Gastbeitrag Julian Daum

Die AfD will Millionen Menschen aus Deutschland vertreiben. Wie reagiert die Politik? Die will ihr entgegen kommen: Unter anderem beschließt sie ein noch schärferes Abschiebegesetz. Und der Union geht das nicht weit genug. Die Demokratie ist nicht nur durch Rechtsextreme gefährdet. Die Mitte selbst hat völkische Denkmuster nie abgelegt.

Der Staat muss funktionieren, wenn es darum geht, Menschen, die nicht bei uns bleiben können, zurückzuführen.

Genauer soll das „mehr und schneller abschieben” funktionieren, und zwar “im großen Stil”.

Im April 2022 forderte die AfD im Bundestag, was sie “Abschiebeoffensive” nannte und kassierte damals heftige Kritik von allen anderen Bundestagsfraktionen. Und spätestens seit Bekanntwerden des Potsdamer Deportationsgipfels, bei dem CDU- und AfD-Politiker*innen mit weiteren Rechtsextremen der Identitären Bewegung die Massenvertreibung von Menschen mit Einwanderungsgeschichte besprochen hatten, grenzen diese sich öffentlichkeitswirksam vom Rechtsextremismus ab.
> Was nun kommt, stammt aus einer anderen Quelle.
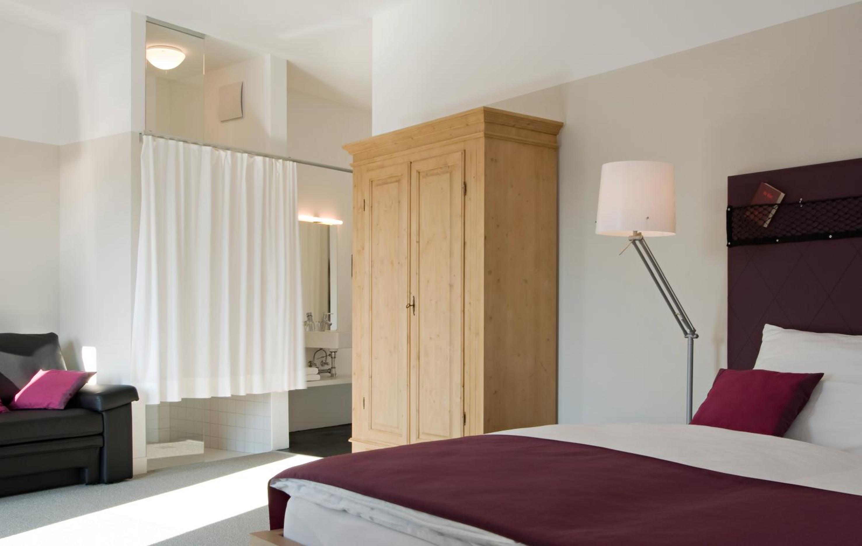 Tolles Frühstücksbuffet! Das Personal ist ausgesprochen freundlich. Große Zimmer mit einem offenen Badezimmer, die Dusche kann aber mit Vorhängen blickdicht gemacht werden. Kurzer Weg zur gegenüberliegenden Vinothek in der alten Schmiede. Auch mit der Bahn sehr gut erreichbar, Bahnhof ist 5 Minuten entfernt

Rechts verurteilen und dann rechte Politik umsetzen?

Dieser wäre “der endgültige Abstieg für Deutschland, dem wir uns mit aller Kraft entgegenstellen”, schrieb etwa CDU-Chef Friedrich Merz auf Twitter. Bundeskanzler Scholz mahnte, dass “wir als Demokraten” gegen den Rechtsextremismus zusammenstehen müssen. Und jedes Jahr nutzen Politiker*innen den Gedenktag zum rechtsextremistischen Anschlag in Hanau, bei dem neun Menschen aus rassistischen Motiven ermordet wurden, um sich gegen das “Gift, das sich in unserer Gesellschaft niemals ausbreiten darf” zu positionieren. Als solches bezeichnete Justizminister Marco Buschmann Rassismus, mit Bezug auf Hanau.

Wie passen diese Sätze zusammen mit der Tatsache, dass sich sowohl die Ampelparteien als auch die Union und die Freien Wähler seit 2022 dem rassistischen Chauvinismus der AfD in Forderungen und Umsetzung stark angenähert haben? Die beiden Zitate am Anfang des Textes etwa stammen nicht von Alice Weidel & Co., sondern von SPD-Chef Lars Klingbeil und Bundeskanzler Olaf Scholz.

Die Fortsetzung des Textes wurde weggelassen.